You’re Able to Pull Song & Playlist Information for a Given Spotify User, Retrieve Albums & Their Popularity, Retrieve Audio Features from Tracks, & So Much More :)
By Following This Guide, You Will Be Able to Download the Package, Set Up Your Account & Pull Data on Your Favorite Artist(s) or From Your Own Account.
Set-Up Directions
Helpful Packages
| Package | Summary |
|---|---|
| tidyverse | the tidyverse collection of packages |
| devtools | simplifies many common tasks |
| spotifyr | spotify’s API tool |
| kableExtra | helps build common complex tables & manipulate table styles |
| DT | create, filter & sort datatables |
| dplyr | grammar of data manipulation |
| ggplot2 | system for declaratively creating graphics |
Installing SpotifyR Package
There’s An Extra Step Involved After Downloading the “DevTools” Package:
devtools::install_github('charlie86/spotifyr')Then, You’re Able to Add SpotifyR To Your Library :)
Account Set-Up
- Go To https://developer.spotify.com/dashboard/login
- Create a Dev Account Which Will Allow You to Access Spotify’s API
- Navigate to Your Dashboard
- Create an App Which Will Generate a Client ID & Secret
- Transfer These Into R
Sys.setenv(SPOTIFY_CLIENT_ID = 'XXXXXXXXXXXXXXXXXXXXXXXXXXXXXXXX')

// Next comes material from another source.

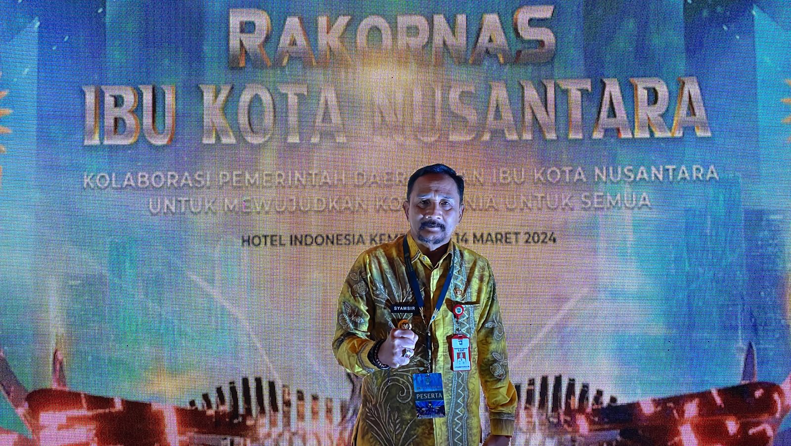 Pj Bupati Tanah Laut (Tala) H Syamsir Rahman menghadiri kegiatan Rapat Koordinasi Nasional (Rakornas) 2024, yang digelar Otorita Ibu Kota Nusantara (OIKN), dengan tema “Kolaborasi Pemerintah Daerah dan Ibu Kota Nusantara Untuk Mewujudkan Kota Dunia Untuk Semua” di Hotel Indonesia Kempinski, Jakarta, Kamis (14/3/2024).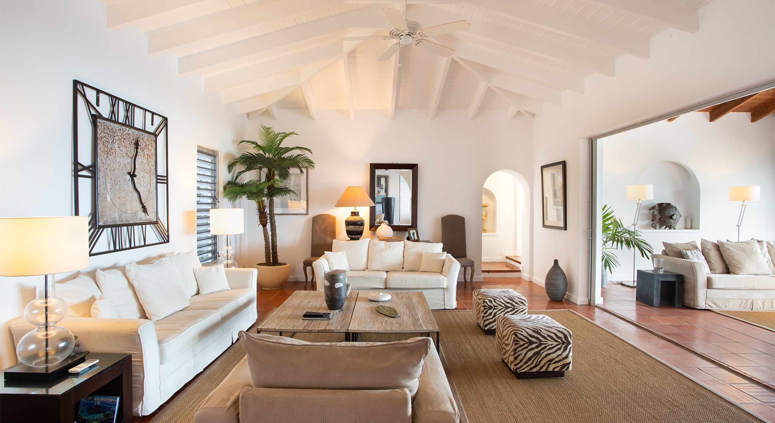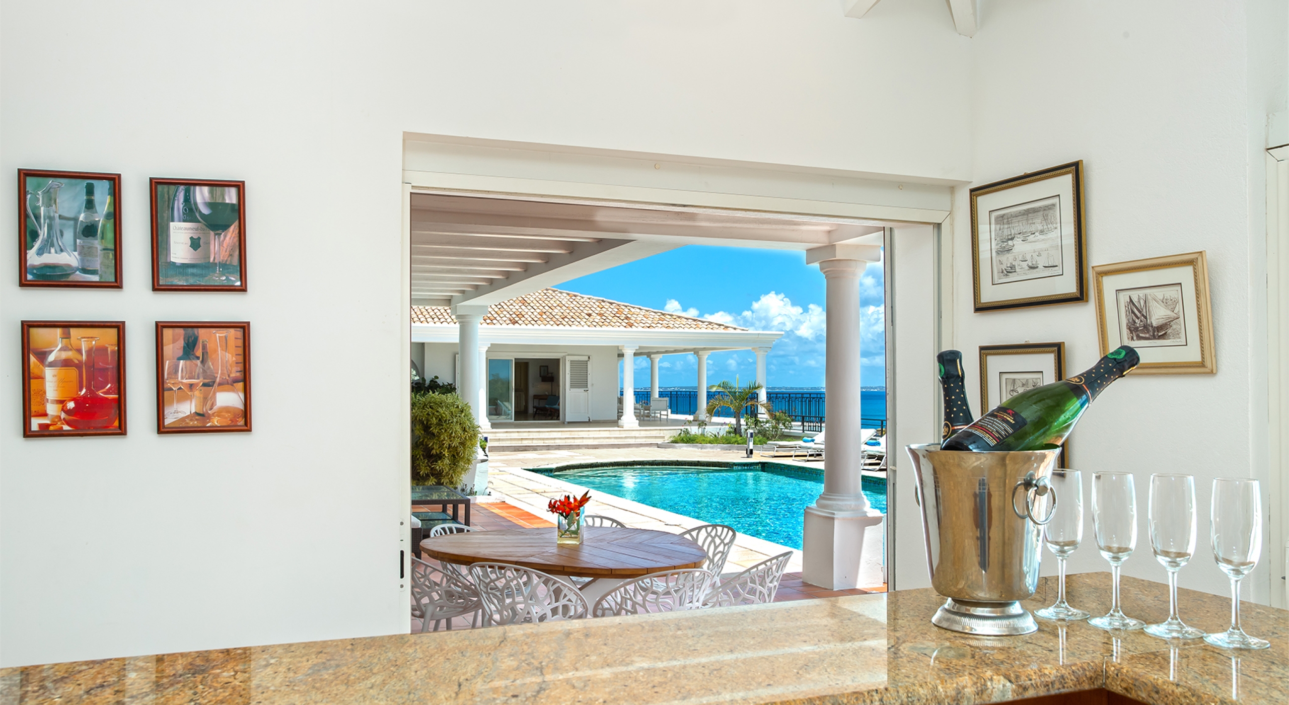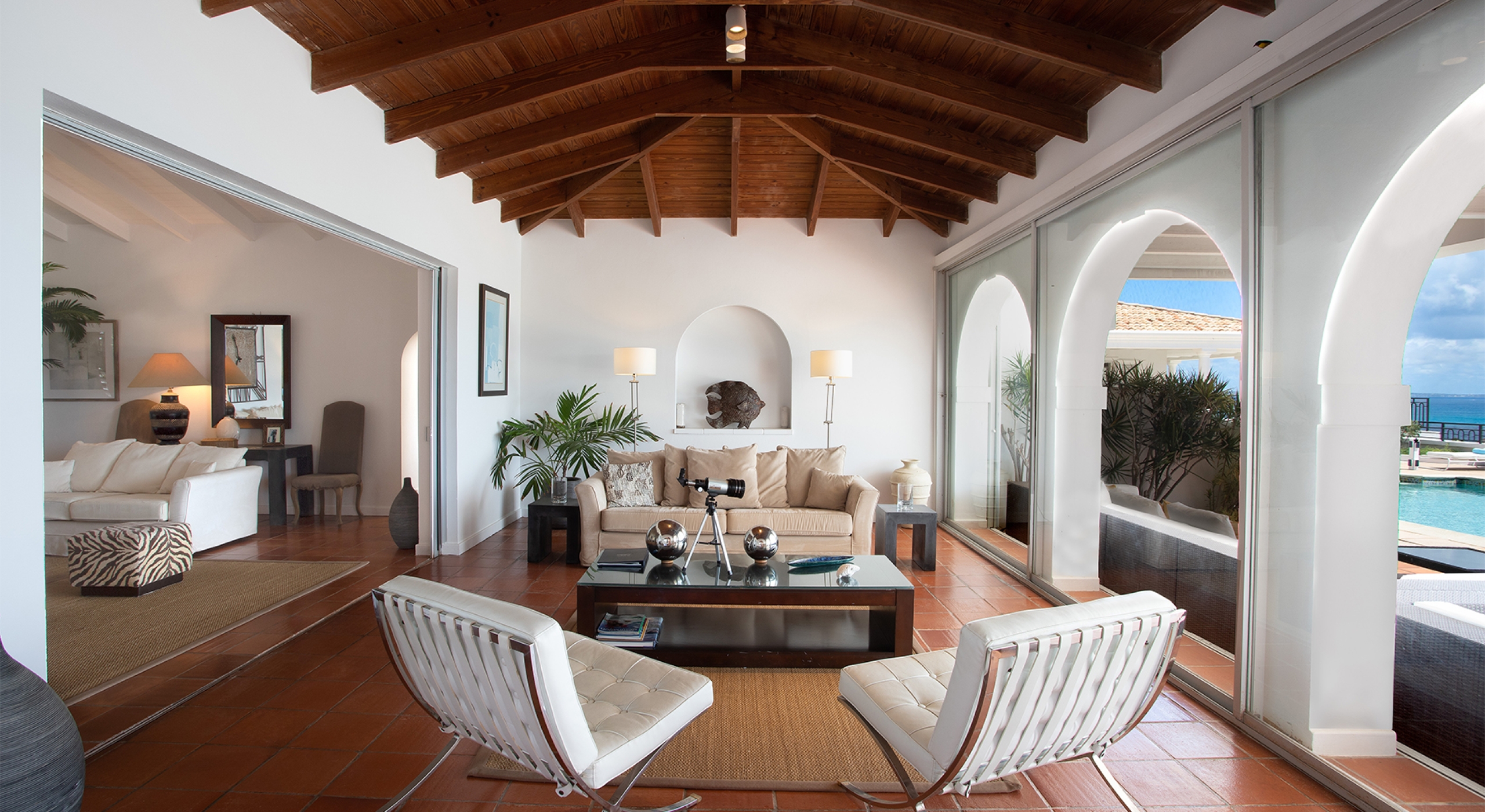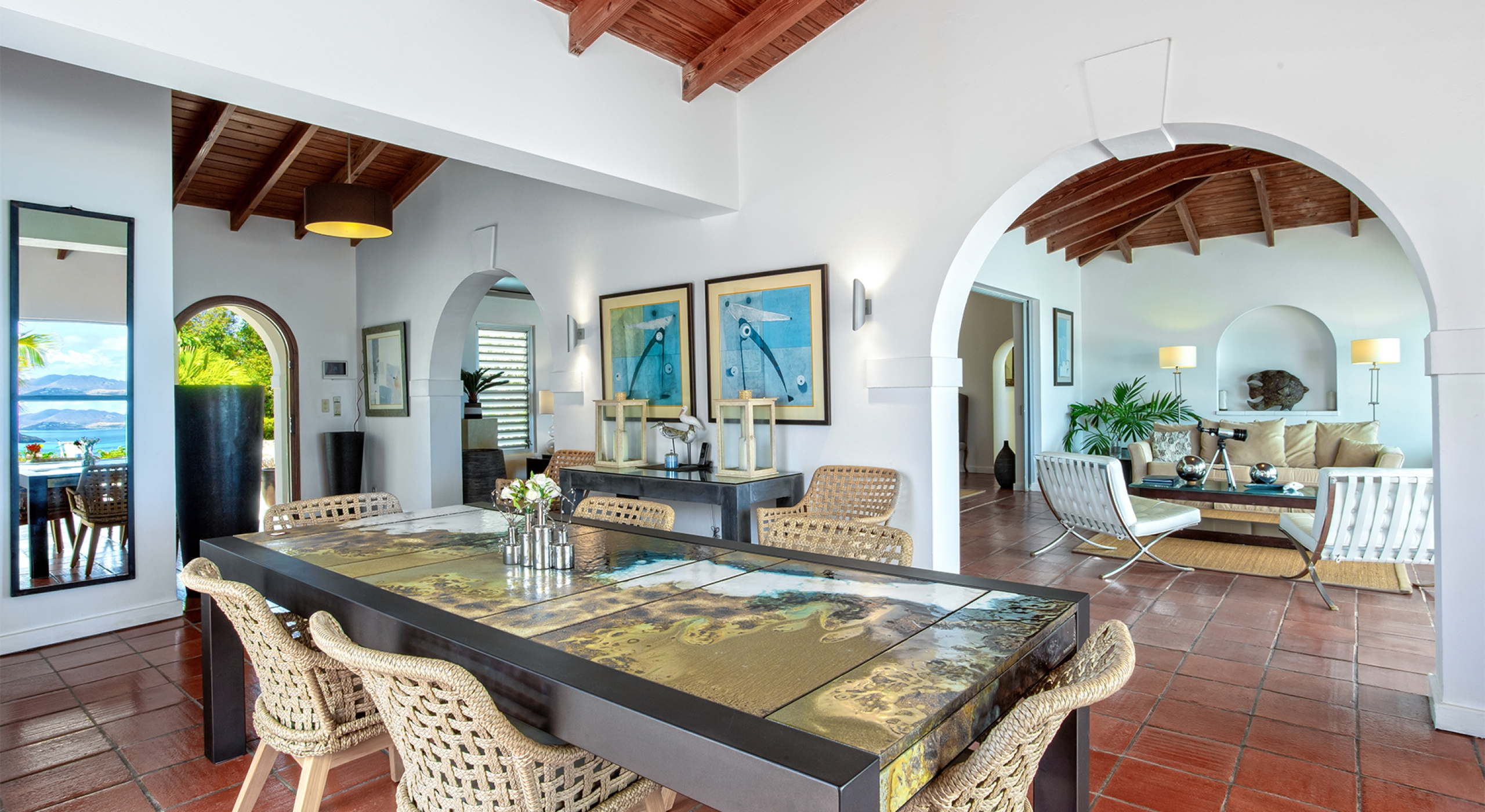 Inside, the villa flows seamlessly between indoor and outdoor living. A spacious double living room connects to a formal dining room framed by graceful arches, as well as outdoor dining and lounge areas. The fully equipped kitchen, outfitted with granite countertops and a wide pass-through window to the terrace, overlooks Baie Rouge and invites effortless entertaining.

Sys.setenv(SPOTIFY_CLIENT_SECRET = 'XXXXXXXXXXXXXXXXXXXXXXXXXXXXXXXX')
access_token <- get_spotify_access_token()Authenticate Account
- Within Your Spotify Developer Account, Navigate to “Edit Settings”
- Under “Redirect URI’s”, Enter http://localhost:1410/
- Click “Add” & “Save”
Now You Can Begin to Pull Your Own Data from Spotify :)
Demonstrations of Different Features
Top Tracks & Artists
“Get_My_Top_Artists_Or_Tracks()” Allows You To Get Your Top Artists & Tracks Depending on the Criteria You Include.
I Saved My Friend’s Top 5 Recent & Long-Term Tracks & Artists:
short_term_tracks <- get_my_top_artists_or_tracks(type = 'tracks',
time_range = 'short_term',
limit = 5)
long_term_tracks <- get_my_top_artists_or_tracks(type = 'tracks',
time_range = 'long_term',
limit = 5)
short_term_artists <- get_my_top_artists_or_tracks(type = 'artists',
time_range = 'short_term',
limit = 5)
long_term_artists <- get_my_top_artists_or_tracks(type = 'artists',
time_range = 'long_term',
limit = 5)Retrieving Playlists
“Get_My_Playlists()” Fetches All Your Playlists. If You Want Details About the Tracks Within a Playlist, You Can Use “Get_Playlist_Tracks()” to Obtain the Tracks & Their Features.
Within the Parentheses, Input the Playlist’s URI (Example Below): spotify:playlist:XXXXXXXXXXXXXXXXXXXX
I Saved My Friend’s Playlists With the Most Tracks (Those She Spent the Most Time Creating):
all_playlists <- get_my_playlists()
indie <- get_playlist_tracks("XXXXXXXXXXXXXXXXXXXXX")
it_is_2021 <- get_playlist_tracks("XXXXXXXXXXXXXXXXXXXXX")
yeethaw <- get_playlist_tracks("XXXXXXXXXXXXXXXXXXXXX")
just_good_music <- get_playlist_tracks("XXXXXXXXXXXXXXXXXXXXX")Saving Audio Features
You Are Able to Retrieve Features of Tracks, Such as Their Tempo, Danceability, Valence & More :)
An Artist’s Audio Features
“Get_Artist_Audio_Features()” Retrieves Features of an Artist’s Songs.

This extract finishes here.